DATASET EXCERPT>
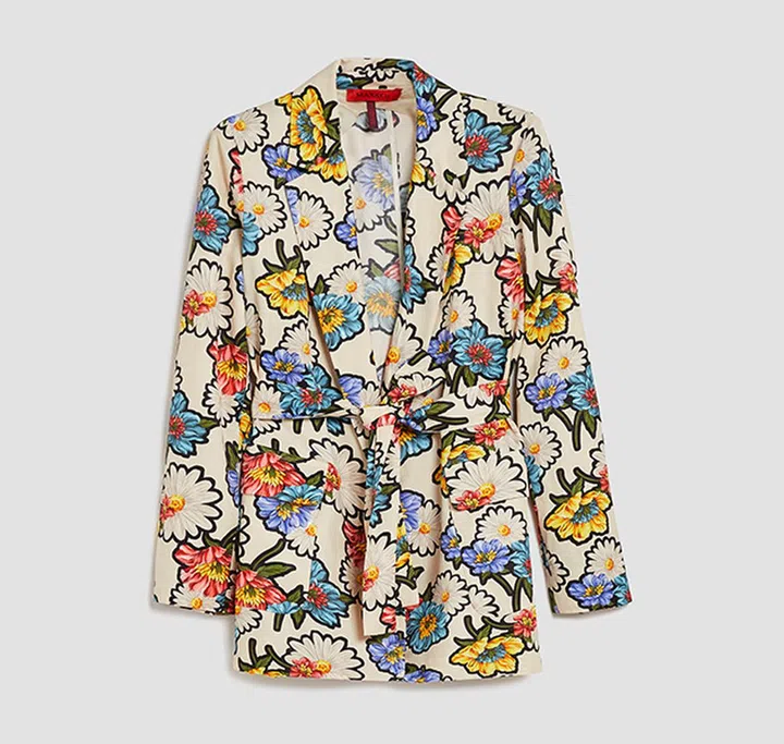 轻薄又亮眼的雏菊印花blazer,就别再想着内搭了。Margherita建议直接“真空”穿上,彻底感受一下自由和随性的快感。如果担心走光,也可以穿一件比基尼在里面,让造型显得轻松又阳光。
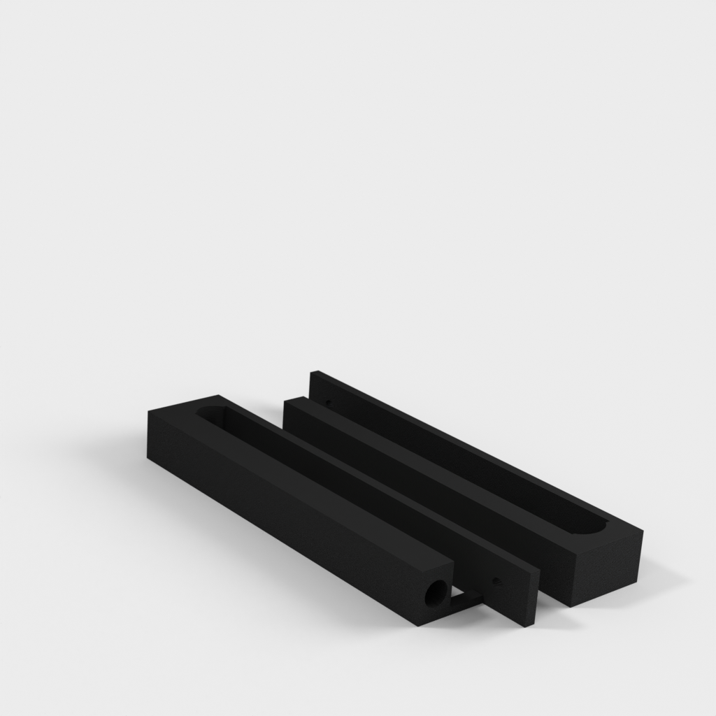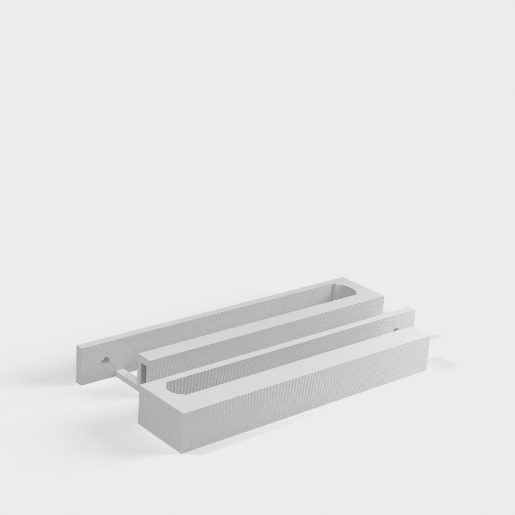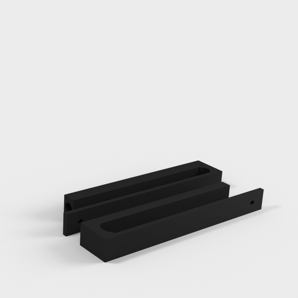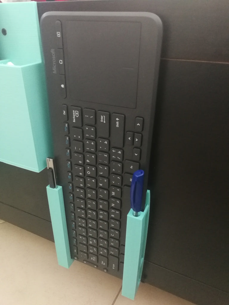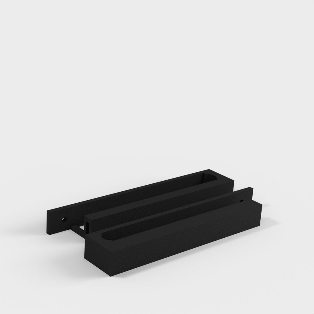 Dies ist ein Tastaturhalter, der an Ihrem Couchtisch montiert werden kann, um einen einfachen Zugriff zu gewährleisten, ohne Platz auf dem Tisch zu beanspruchen. Es kann mit jeder Tastatur verwendet werden, die mit einem Fernseher verwendet wird.
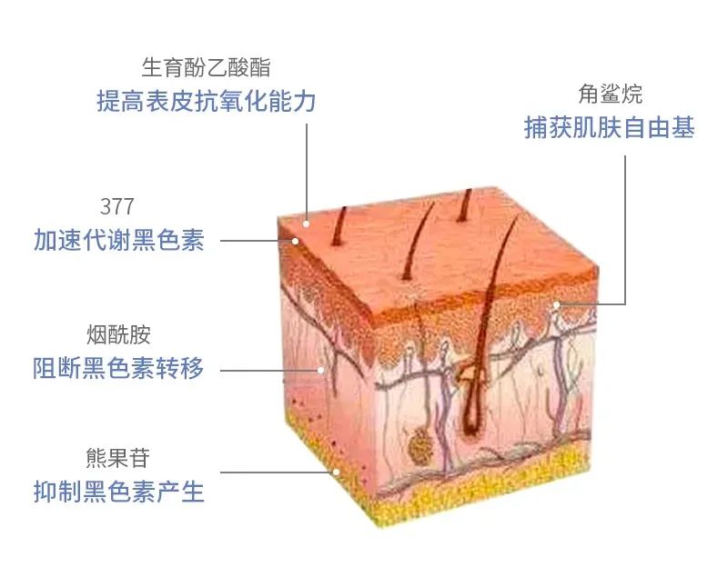 它能快速渗透基底层,从5个维度,全面粉碎黑色素的分泌、转移、代谢。并起到很好的抗氧化、清除自由基作用。

WHAT IS NEEDED>
Each line from the one containing "Dies ist ein" through the last line of the listing is to be given again exactly, with no pictures and no other lines.

RESPONSE AREA>
 Dies ist ein Tastaturhalter, der an Ihrem Couchtisch montiert werden kann, um einen einfachen Zugriff zu gewährleisten, ohne Platz auf dem Tisch zu beanspruchen. Es kann mit jeder Tastatur verwendet werden, die mit einem Fernseher verwendet wird.
 它能快速渗透基底层,从5个维度,全面粉碎黑色素的分泌、转移、代谢。并起到很好的抗氧化、清除自由基作用。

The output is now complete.